“Research Productivity”; these two words have haunted our industry for the last decade. They have served as a rallying cry, a portent of doom and now may actually be driving some positive change. But before we jump to any conclusions on the productivity of specific segments of the business, let us remember that when industry analysts quote numbers for productivity, they are comparing investment in research against drugs launched and that the timeline for this process is still 12-15 years. That means that any improvement made today will not have an impact until about 2020. So while the fact remains that productivity in the pharmaceutical industry is not meeting anyone’s expectations; there is a great deal of innovation occurring in the early part of the pipeline and it is having an impact.
As with most productivity problems, the solutions that are working in drug discovery are complex and involve technology, technique and, perhaps most importantly, process changes. Simply improving productivity in one part of a linear process will only shift the bottleneck downstream. The racecar analogy is often used to illustrate this; if you had a formula one car would you get to work any faster in a heavy traffic area? The image of a vehicle capable of traversing your commute in mere minutes trapped in a traffic jam for hours brings this home.
So to truly improve productivity, we must examine the process and be willing to make changes that will increase end result productivity. This does not mean that the capacity at all points in the pipeline has to be increased. Because most of the cost comes from projects that fail and the direct costs escalate exponentially as projects progress, shifting failure to an earlier point in the pipeline or modifying preclinical processes to decrease the probability of clinical stage dropout will result in drastic changes in overall costs. It has been estimated (Dimasi; 2002) that a 10% change in clinical success rate will have an impact of >$200 MM per drug!
One approach that is becoming widely applied in drug discovery and preclinical development is broad profiling. Lead compounds are tested against a battery of assays to determine specificity as well as pharmaceutical suitability. This has already had a positive impact in both guiding medicinal chemistry projects and in identifying the projects that will never become a good drug. But the cost of profiling has meant that it is used sparingly and often only applied after significant cost and effort has been expended. This results in projects that are about to achieve significant milestones suddenly requiring months of additional effort, which may result in project termination. The question we must ask ourselves is whether having that information at the outset would have resulted in a more efficient process. Could the scientists involved have used broad perspective data to bring this project to a successful conclusion? Perhaps more importantly, would they have chosen a different series if they had this perspective?
In my experience, the answer to all of these questions is “yes”. Not only that, but the underlying cost structure is very positive. That is, the cost of generating “decision critical” data is an order of magnitude less than the loss from failure or restarting a program.
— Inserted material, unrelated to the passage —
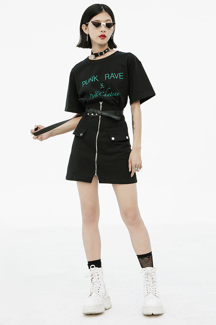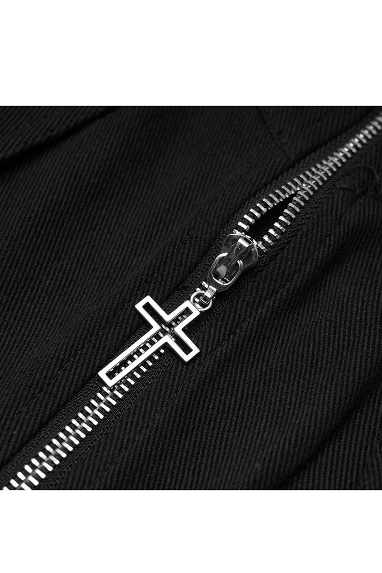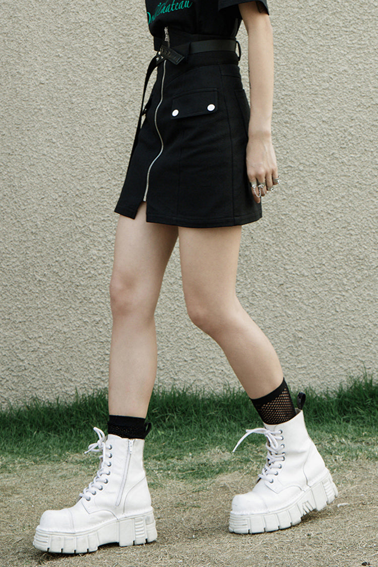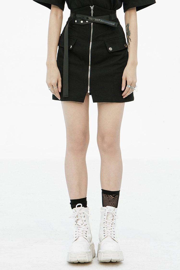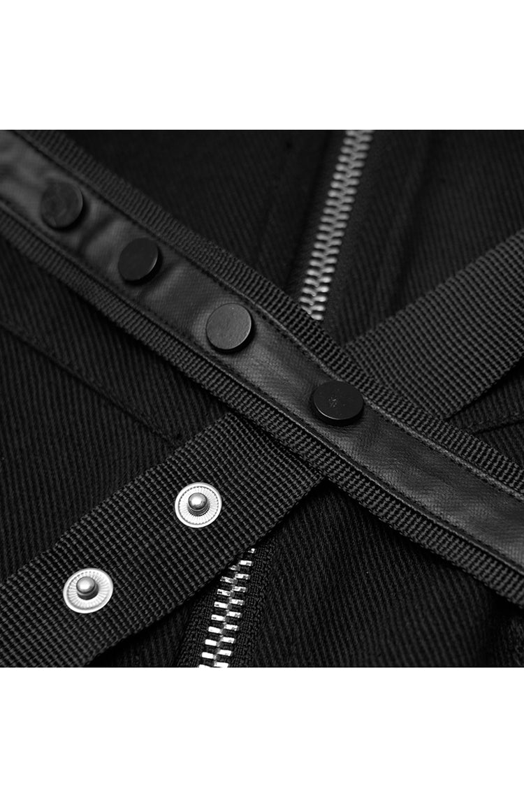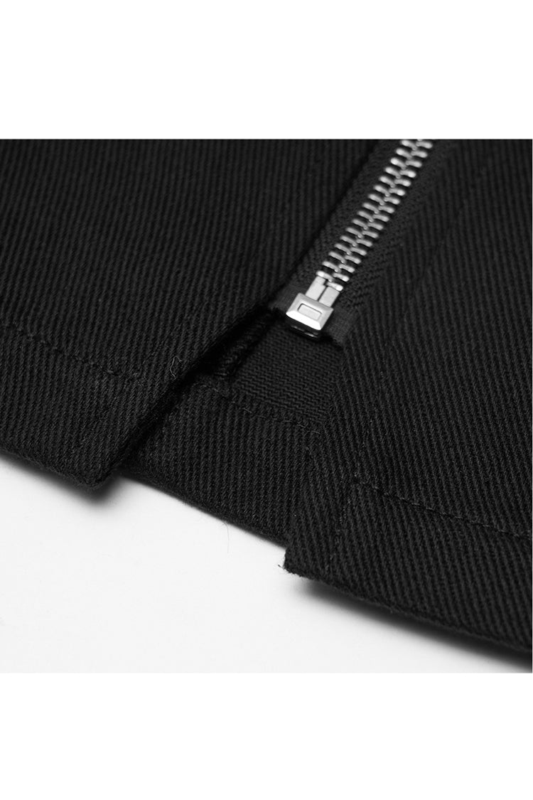 2.イレギュラーウエストデザインで落ち感を演出し、フロントファスナーで着脱も楽ちん。

There are many ways to efficiently gather and utilize this data. At Amphora Discovery, we have applied this approach internally and for customers at many points in the drug discovery process. The most extreme process change is to gather the data at the outset by testing full chemical diversity libraries against both therapeutic targets and counter-screens at the HTS stage. If done correctly, this allows the omission of several steps in the process including confirmation, profiling and potency testing. More importantly, it allows the Chemist to begin with a series that already has the desired selectivity profile so they can focus on driving potency and pharmaceutical suitability rather than tackling the more difficult multidimensional problem of selectivity. Broad profiling of active compounds immediately after HTS or computational selection is second in its impact on process efficiency savings. This allows the combination of the confirmation (and possibly potency determination) steps and still provides the critical selectivity information for medicinal chemistry. The impact of perspective data on efficiency decreases as the project progresses but the importance of having the information does not. You will not realize the same costs savings by adding profiling at the lead stage but you will still need the data throughout this process to ensure that your project’s profile is not changing during optimization.
So the benefits of broad profiling are clear. Not only that, but the impact is at least somewhat validated by its increasing use in the industry. The big winners in this game will be the companies that are organizationally nimble and can take advantage of process and budgetary flexibility to realize increased productivity.